After the incident became known in Turkey, the uproar caused the government to temporarily block access to sites such as Ekşi Sözlük, Facebook, Twitter and YouTube and slow the internet down nationwide.

== Background ==
Fethi Şahin (26) and Sefter Taş (23) were two Turkish soldiers stationed in Syria before being captured by the Islamic State. Allegedly in their execution video, Şahin stated that he was an officer in the 26th Gendarmerie Intelligence Service while Taş stated that he was an Infantryman in the Turkish Armed Forces Kilis, in the Border Police Station. It was believed that the two were a part of the Turkish forces that was defending Al-Dana village in al-Bab Province when IS forces attacked the village on November 29 and captured the two. Simultaneously, the Turkish Armed Forces acknowledge that they had lost contact with two of their soldiers but at the time did not reveal the identity of the soldiers specified.

== Perpetrators ==
The identities of the executioners were determined by MİT. While it was determined that the burner and main perpetrator was Talip Akkurt, the names of the two people in the background were revealed as Hasan Aydın and Muhittin Büyükyangöz.
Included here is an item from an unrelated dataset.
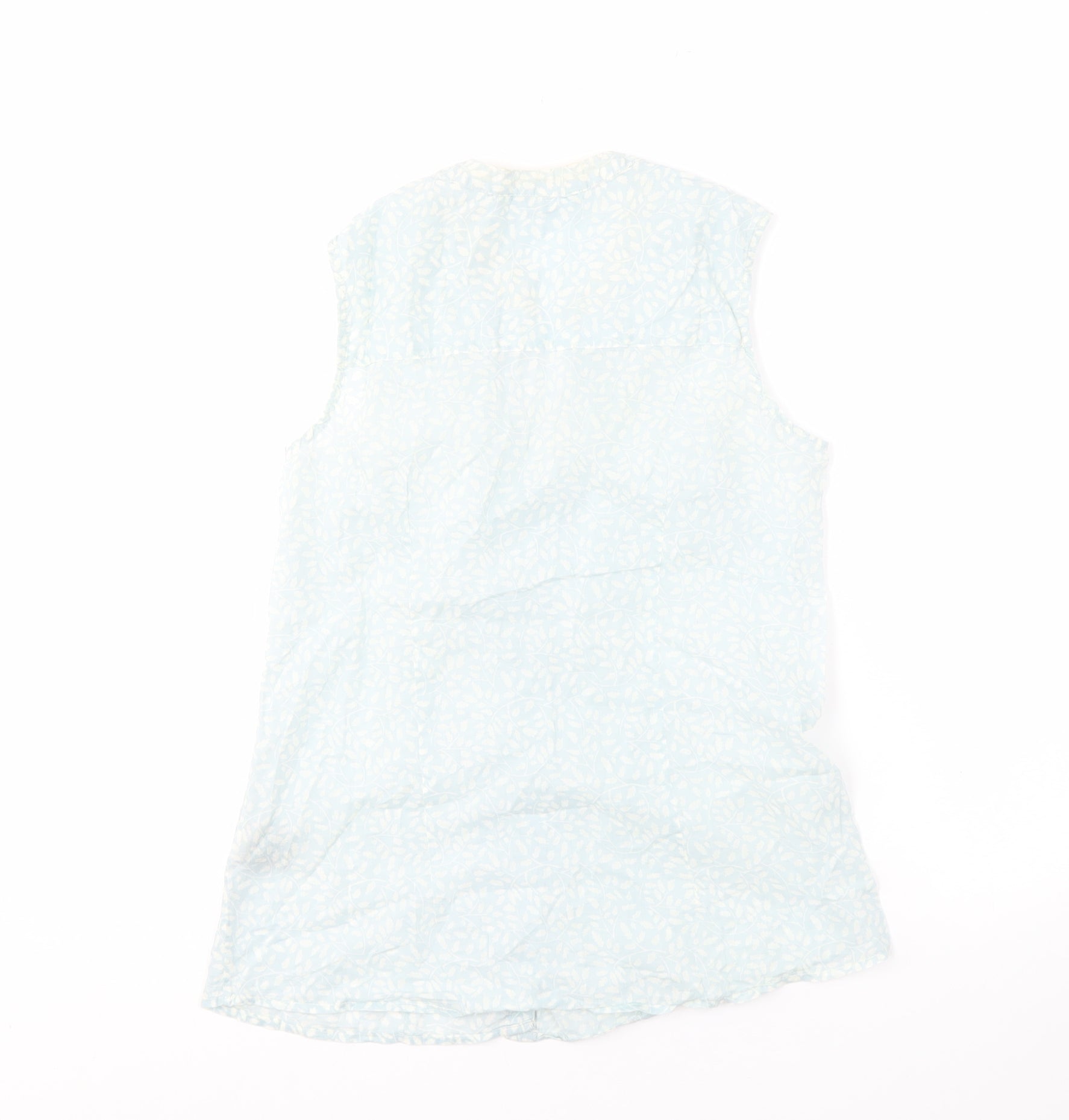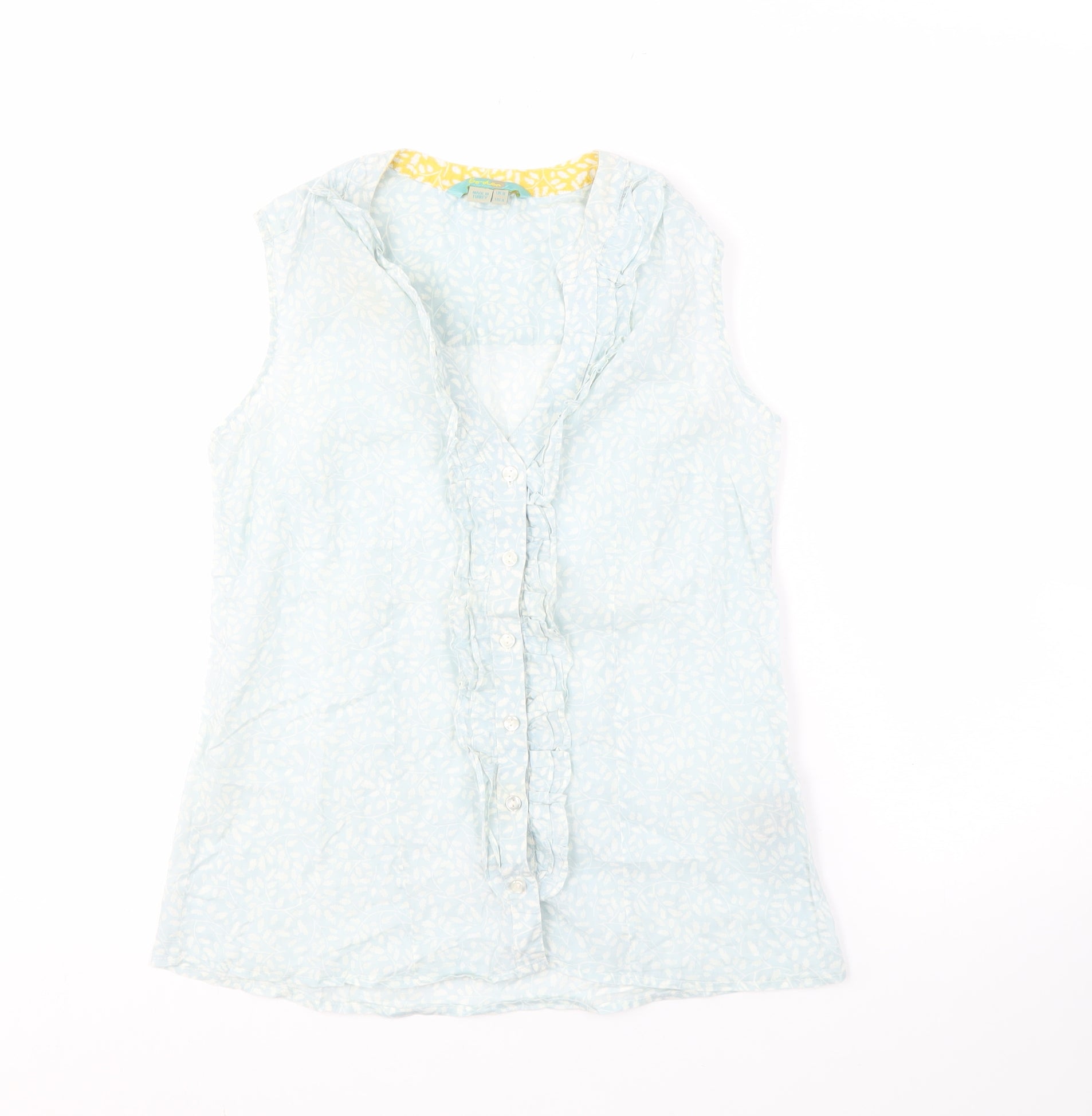 Embrace elegance with this delightful blue floral blouse from Boden. Crafted for women, this sleeveless top adds a touch of femininity to your casual wardrobe. Made from 100% cotton, it promises comfort and breathability, perfect for sunny days. The blouse features a button closure and a tasteful floral pattern, making it a versatile piece for various occasions. Pair it with jeans or a skirt for a sophisticated yet relaxed look. Although slightly creased, this blouse maintains an excellent condition, ready to be a cherished addition to your clothing collection.

It turned out that Hasan Aydın was detained and released twice, in 2012 and 2015. In 2012, Aydın was arrested in an operation organized by the Adana police to investigate alleged Al-Qaeda members, but later released due to lack of evidence. In 2015, he was stopped while trying to pass from Hatay to Syria in a minibus, stolen military equipment and UAVs were seized and detained in the vehicle, and then released by the court he was taken out on condition of judicial control. Akkurt was able to evade Turkish authorities but was killed by the Syrian Democratic Forces in Syria in June 2018. Büyükyangöz however remains at large.
== Execution ==
The two were taken to al-Bab city before being transferred to Raqqa.
While in custody, an Islamic State judge, Jamal Abdulrahman Alwi, a Syrian national, ordered both to be burnt alive.
The video showed the two soldiers in uniform but locked in the cage, before they were led out of their cage. The two were shackled as such that they were forced to crawl on all fours with the IS soldiers walking them as if they were a dog while still in uniform (probably as a form of humiliation for dogs in Islam is considered Najis). Then it cuts to the two soldiers standing side by side in uniform but barefoot, shackled somewhere at the back (possibly neck) by a chain entangled with some sort of flammable cloth. A fighter holding some sort of remote presses the button which supposedly ignites the flammable cloth on the chain which spreads up the chain to immolate the two soldiers.
Alwi later moved to Turkey as a refugee in Gaziantep before being arrested and imprisoned for his role.

== Aftermath ==
During the visit to the Taş family by Turkish Armed Forces commander and Iğdır district governor on October 9, 2017, it was announced to the family that Sefter Taş was a "martyr".

The father of Fethi Şahin, criticised the lack of information on his son's case, and he stated that even six years after the video, only Kemal Kılıçdaroğlu had come to visit them.